_WHAT TO WORK ON_
Your answer must be the exact lines below, starting with the line with "semnat și datat" and going on through the line with "thang kính thẳng.", both included, with no pictures.

_DATA FOR THIS TASK_

----------------

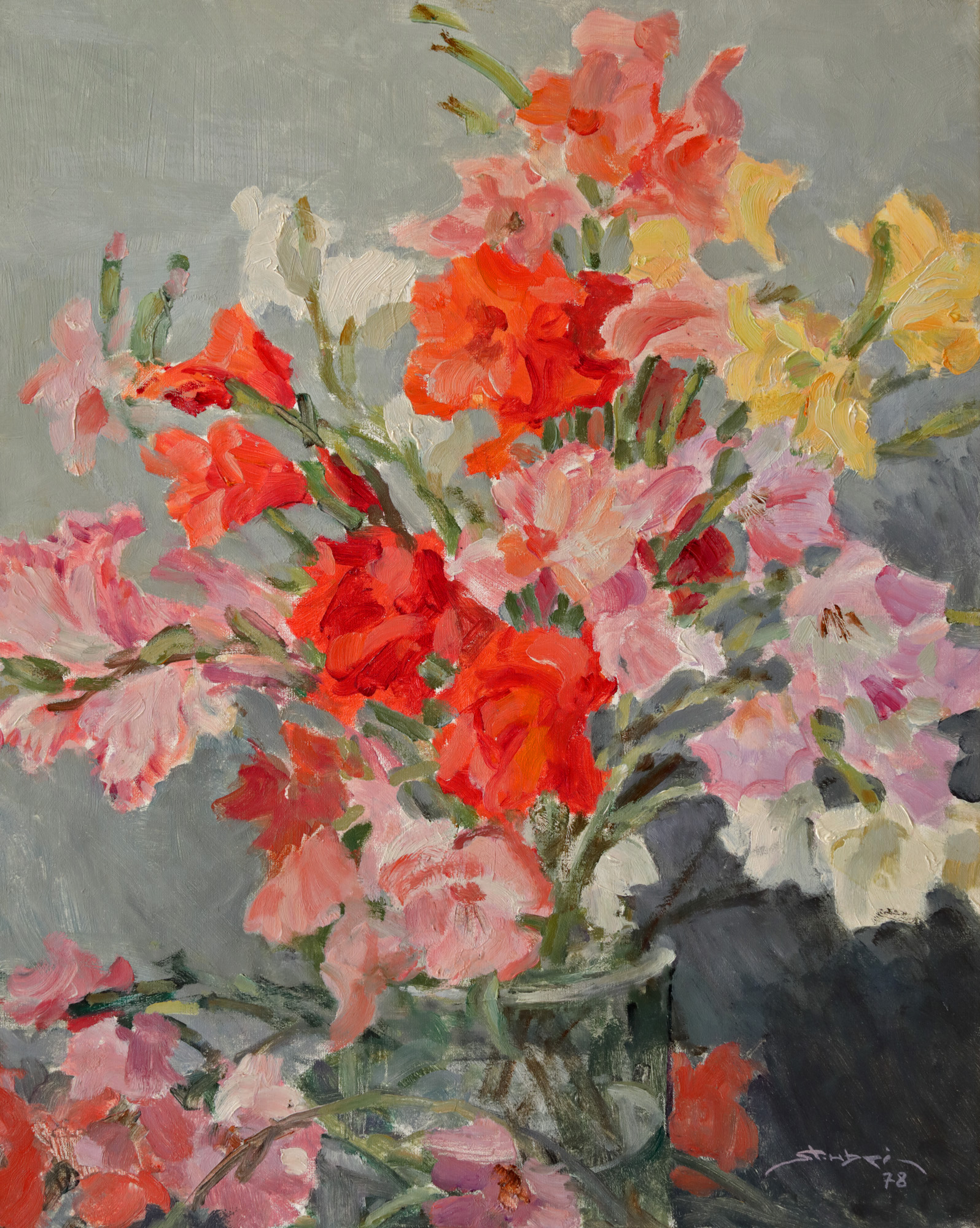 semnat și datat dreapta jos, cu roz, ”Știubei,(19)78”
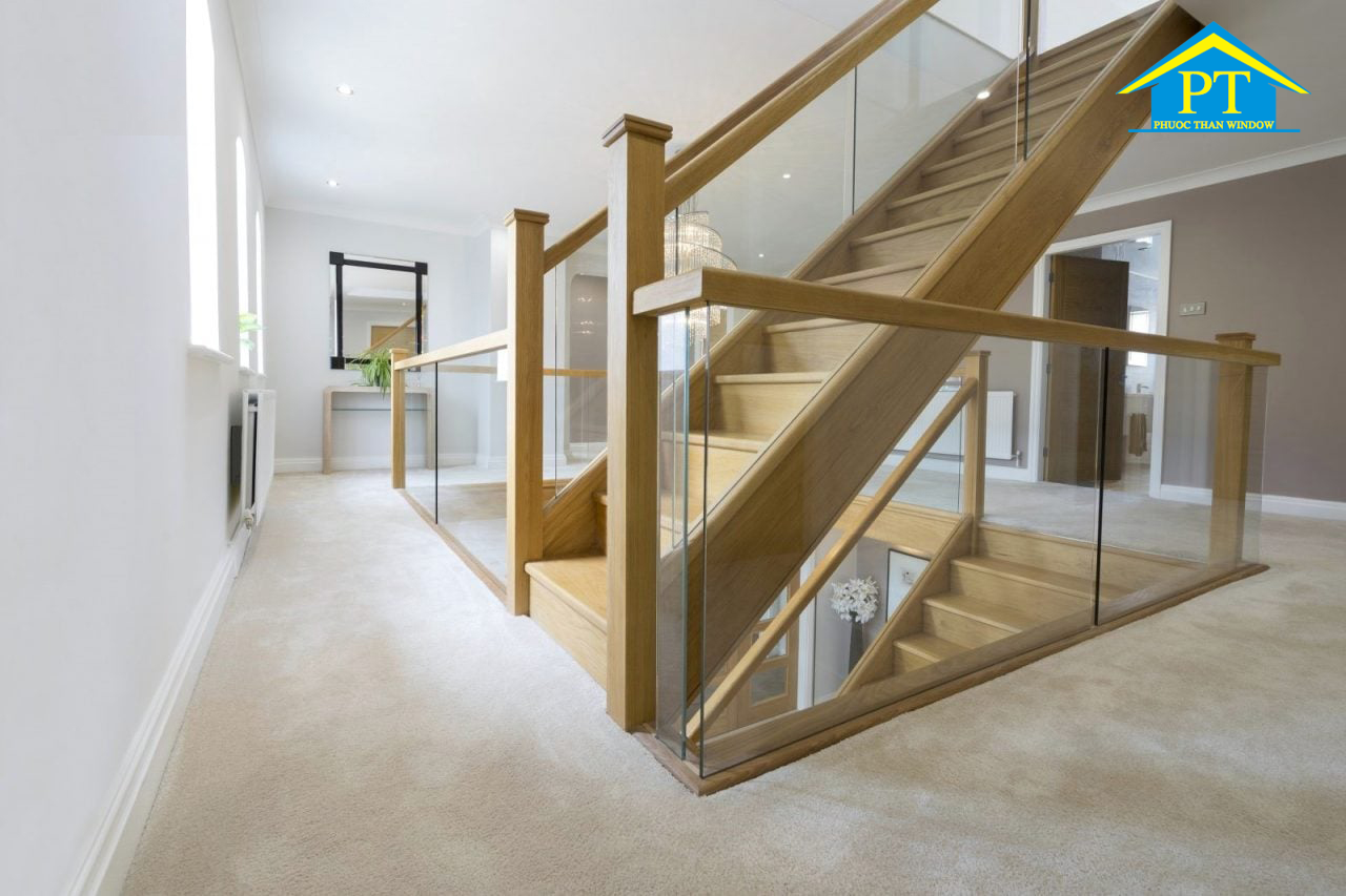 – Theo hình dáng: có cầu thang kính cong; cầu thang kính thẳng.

----------------

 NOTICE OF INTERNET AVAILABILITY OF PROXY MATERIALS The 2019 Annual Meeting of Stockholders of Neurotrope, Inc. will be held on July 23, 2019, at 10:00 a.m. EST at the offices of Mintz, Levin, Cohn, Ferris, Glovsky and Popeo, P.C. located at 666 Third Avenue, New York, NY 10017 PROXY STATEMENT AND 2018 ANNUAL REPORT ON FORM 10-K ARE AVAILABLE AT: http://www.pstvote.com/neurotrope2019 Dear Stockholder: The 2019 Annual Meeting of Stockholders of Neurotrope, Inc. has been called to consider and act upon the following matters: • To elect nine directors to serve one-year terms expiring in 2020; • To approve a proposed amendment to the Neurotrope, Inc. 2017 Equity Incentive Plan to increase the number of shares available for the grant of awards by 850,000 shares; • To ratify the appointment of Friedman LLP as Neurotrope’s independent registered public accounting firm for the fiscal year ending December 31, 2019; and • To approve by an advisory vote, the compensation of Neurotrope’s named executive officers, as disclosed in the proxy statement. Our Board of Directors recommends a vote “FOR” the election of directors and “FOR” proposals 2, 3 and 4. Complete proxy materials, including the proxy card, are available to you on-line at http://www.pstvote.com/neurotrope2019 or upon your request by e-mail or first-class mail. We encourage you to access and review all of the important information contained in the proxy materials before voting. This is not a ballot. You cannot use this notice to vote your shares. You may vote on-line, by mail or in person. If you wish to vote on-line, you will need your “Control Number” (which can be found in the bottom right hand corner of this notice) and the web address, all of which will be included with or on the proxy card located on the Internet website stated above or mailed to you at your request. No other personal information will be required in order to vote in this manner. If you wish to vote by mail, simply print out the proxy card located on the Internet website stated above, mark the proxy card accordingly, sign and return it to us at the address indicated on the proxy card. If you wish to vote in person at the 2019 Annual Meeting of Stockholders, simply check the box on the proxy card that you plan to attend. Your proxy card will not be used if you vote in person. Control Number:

----------------

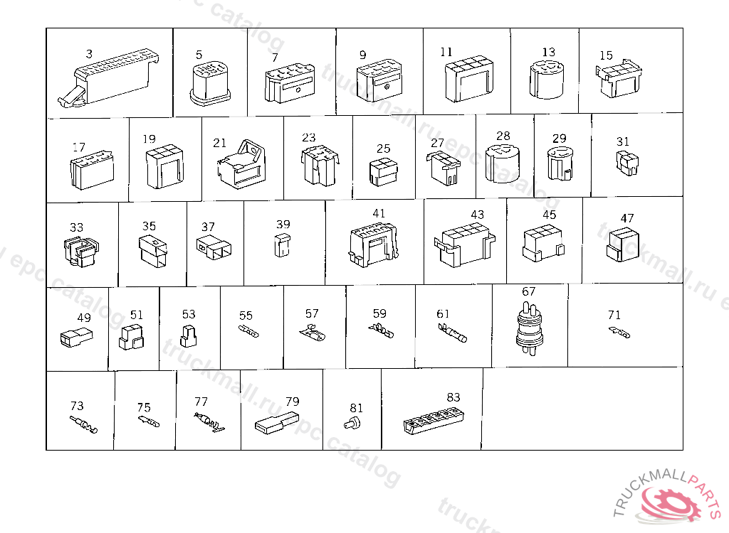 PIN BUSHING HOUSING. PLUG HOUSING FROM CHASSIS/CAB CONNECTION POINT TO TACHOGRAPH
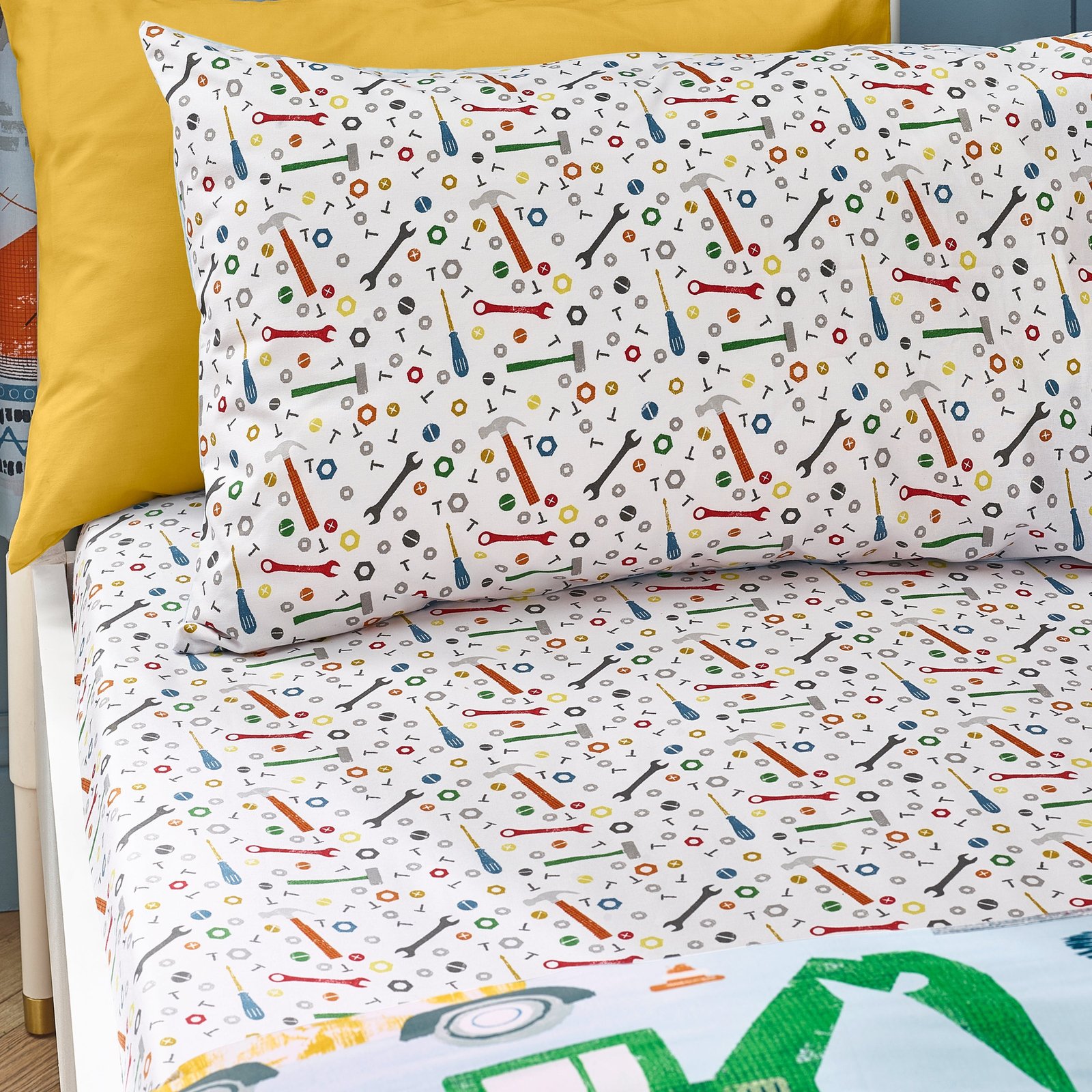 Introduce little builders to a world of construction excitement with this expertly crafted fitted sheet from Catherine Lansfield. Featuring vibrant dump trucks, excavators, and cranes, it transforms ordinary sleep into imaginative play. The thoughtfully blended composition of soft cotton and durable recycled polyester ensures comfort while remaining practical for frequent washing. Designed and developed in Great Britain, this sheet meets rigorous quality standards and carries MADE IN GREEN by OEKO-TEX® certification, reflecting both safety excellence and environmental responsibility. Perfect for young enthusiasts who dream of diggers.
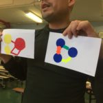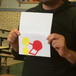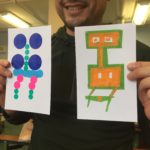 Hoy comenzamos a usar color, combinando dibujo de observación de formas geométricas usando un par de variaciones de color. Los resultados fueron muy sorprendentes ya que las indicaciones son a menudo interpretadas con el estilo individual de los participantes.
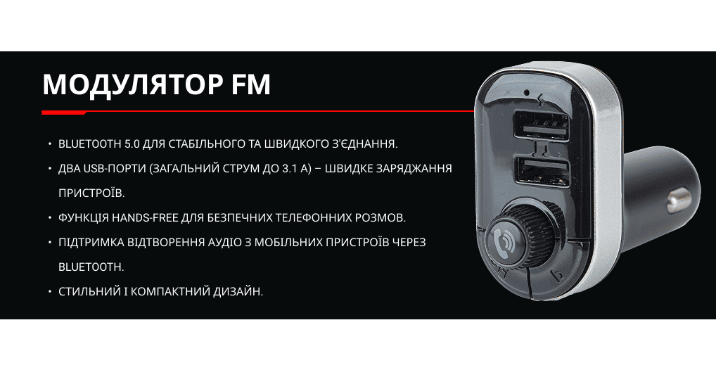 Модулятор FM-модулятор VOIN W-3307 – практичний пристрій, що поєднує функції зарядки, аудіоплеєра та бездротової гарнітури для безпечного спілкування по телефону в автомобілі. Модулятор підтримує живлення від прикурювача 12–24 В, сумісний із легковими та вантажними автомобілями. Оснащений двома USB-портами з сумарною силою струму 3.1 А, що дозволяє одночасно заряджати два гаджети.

----------------

_YOUR SOLUTION_
 semnat și datat dreapta jos, cu roz, ”Știubei,(19)78”
 – Theo hình dáng: có cầu thang kính cong; cầu thang kính thẳng.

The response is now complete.